We present a novel implementation that combines a genetic algorithm with the Walsh-Hadamard Spectrum (WHS) cost function to produce 8x8 S-boxes with a nonlinearity of 104.
Our approach achieves performance parity with the best-known methods, requiring an average of 49,399 iterations with a 100% success rate.

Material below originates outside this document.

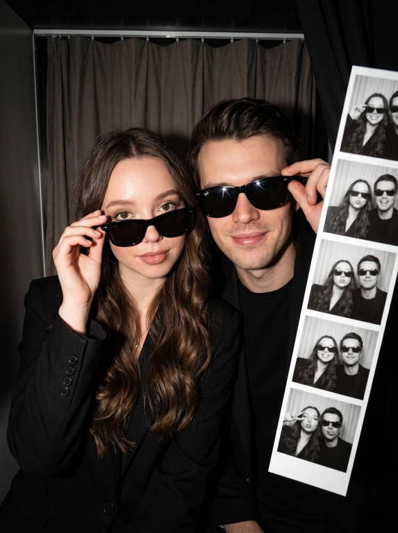 ИИ сделает фото, будто вы вдвоём сидите в тесной винтажной фотокабине: total black, эстетика old money и secret agent. Жёсткая вспышка подчёркивает лица и детали, а на переднем плане — лента чёрно-белых снимков с вами. Нужно загрузить 1–2 фото пары.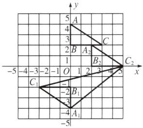 (2)如图,$\triangle A_2B_2C_2$即为所求.$\triangle A_1C_1C_2$的面积$=4× 8-\frac{1}{2}× 3× 2-\frac{1}{2}× 2× 8-\frac{1}{2}× 4× 5=11$.

- Score: 19.65010496906351
- License: http://creativecommons.org/licenses/by/4.0/
- Abstract: This study explores the application of genetic algorithms in generating highly nonlinear substitution boxes (S-boxes) for symmetric key cryptography. We present a novel implementation that combines a genetic algorithm with the Walsh-Hadamard Spectrum (WHS) cost function to produce 8x8 S-boxes with a nonlinearity of 104. Our approach achieves performance parity with the best-known methods, requiring an average of 49,399 iterations with a 100% success rate. The study demonstrates significant improvements over earlier genetic algorithm implementations in this field, reducing iteration counts by orders of magnitude. By achieving equivalent performance through a different algorithmic approach, our work expands the toolkit available to cryptographers and highlights the potential of genetic methods in cryptographic primitive generation. The adaptability and parallelization potential of genetic algorithms suggest promising avenues for future research in S-box generation, potentially leading to more robust, efficient, and innovative cryptographic systems. Our findings contribute to the ongoing evolution of symmetric key cryptography, offering new perspectives on optimizing critical components of secure communication systems.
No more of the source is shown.